Associate Professor of Pediatrics Cincinnati Children's Hospital Medical Center Cincinnati, Ohio, United States
Background: The COVID-19 vaccine is recommended for adolescents, yet only 72% of U.S. adolescents have received at least one dose. We developed a simulation-based virtual reality (VR) intervention, co-created with community members, to train clinicians in recommending and addressing COVID-19 vaccine hesitancy using motivational interviewing (MI) skills. The intervention included real-time interactions with virtual avatars driven by a human facilitator who provided coaching to participants. Objective: To assess the efficacy of a clinician-focused VR intervention on COVID-19 vaccination rates and to identify clinician-level facilitators and barriers to implementing communication strategies in clinical practice. Design/Methods: We recruited clinicians practicing at an adolescent primary care clinic located within a large, urban academic medical center to participate in the VR intervention in September 2022. The change in vaccination rates was assessed among participants using an interrupted time series design with the pre- and post-intervention periods defined as the three-months prior to and following training, respectively. We also assessed for billing practices related to COVID-19 vaccine counseling behaviors. Chi-square test was used to test for differences in COVID-19 vaccination rates and billing practices. A subset of participating clinicians underwent individual implementation interviews in March 2023. Interview data was recorded, transcribed, and analyzed using the Rapid and Rigorous Qualitative Data Analysis technique. Results: A total of 19 clinicians (46% of eligible clinicians) completed the intervention. The majority were female (68.4%), White (78.9%), and Non-Hispanic (100%). There was no change in patients’ COVID-19 vaccine initiation rates post-training. There was a statistically significant increase in billing for vaccine counseling (1.5% to 5.0%; p=0.003) (Table 1). Nine participants enrolled in the interviews.
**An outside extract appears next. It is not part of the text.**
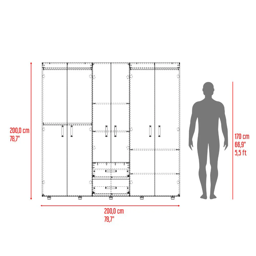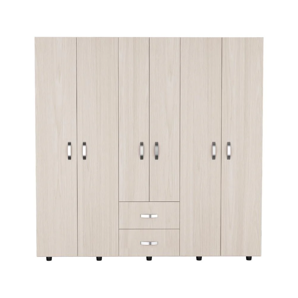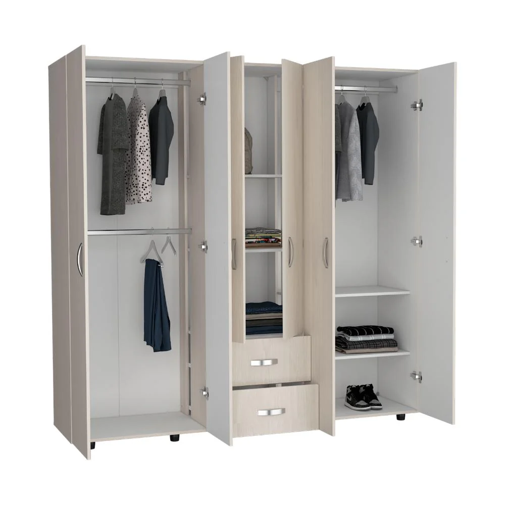 Closet, con cuatro puertas abatibles, dos cajones, tres tubos de acero cromado para colgar ropa, amplios espacios para guardar ropa.
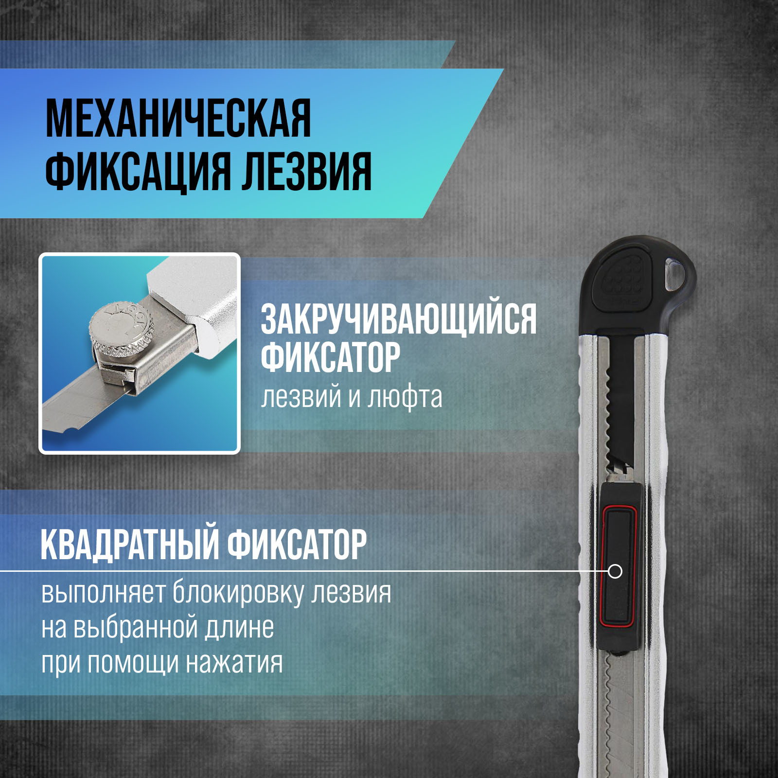 Нож универсальный тундра, металлический корпус, доп. винтовой фиксатор, 5 лезвий, 9 мм

Though participants indicated an openness to adopt new COVID-19 vaccine communication skills and appreciated an opportunity for practice, identified barriers to implementation of skills in clinical practice included limited time, concerns of negatively impacting rapport, fatigue related to vaccine discussions, and fading of skills over time (Table 2/3).
Conclusion(s): COVID-19 vaccine initiation did not increase following VR training though billing for time spent counseling increased. Modifications to the intervention might include emphasizing strategies to provide efficient counseling and booster training to support skill retention.